▸ WORK ORDER:
Write out exactly, and only, the lines below from the line with "Povlečení do postýlky, bavlna, 2D" through the line with "樓頂展示面為東、西向,畫面同"; pictures do not belong in the copy.

___ INPUT FOR THIS TASK ___

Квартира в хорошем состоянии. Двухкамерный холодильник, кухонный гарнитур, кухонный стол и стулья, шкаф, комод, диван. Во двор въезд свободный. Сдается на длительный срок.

___
___ INPUT FOR THIS TASK ___

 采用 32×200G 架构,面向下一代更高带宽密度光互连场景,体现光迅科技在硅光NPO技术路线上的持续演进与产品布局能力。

___
___ INPUT FOR THIS TASK ___

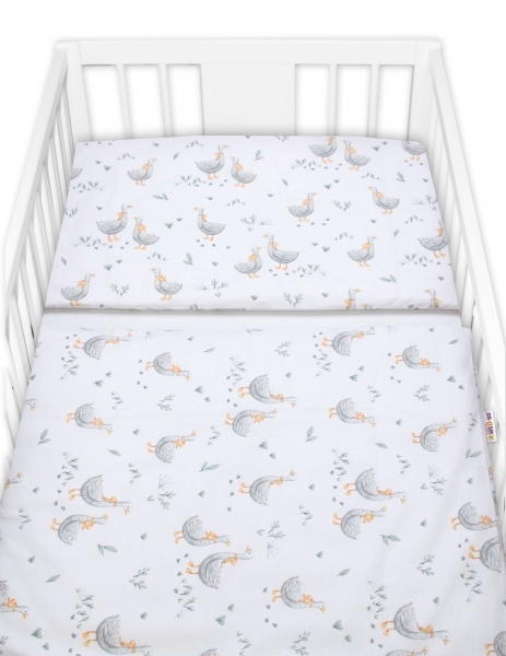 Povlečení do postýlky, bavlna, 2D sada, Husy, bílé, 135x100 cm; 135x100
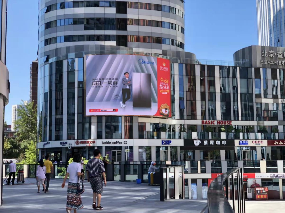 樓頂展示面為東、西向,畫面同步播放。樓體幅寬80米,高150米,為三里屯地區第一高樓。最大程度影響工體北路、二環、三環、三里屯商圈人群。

___

▸ EXPECTED OUTPUT:
 Povlečení do postýlky, bavlna, 2D sada, Husy, bílé, 135x100 cm; 135x100
 樓頂展示面為東、西向,畫面同步播放。樓體幅寬80米,高150米,為三里屯地區第一高樓。最大程度影響工體北路、二環、三環、三里屯商圈人群。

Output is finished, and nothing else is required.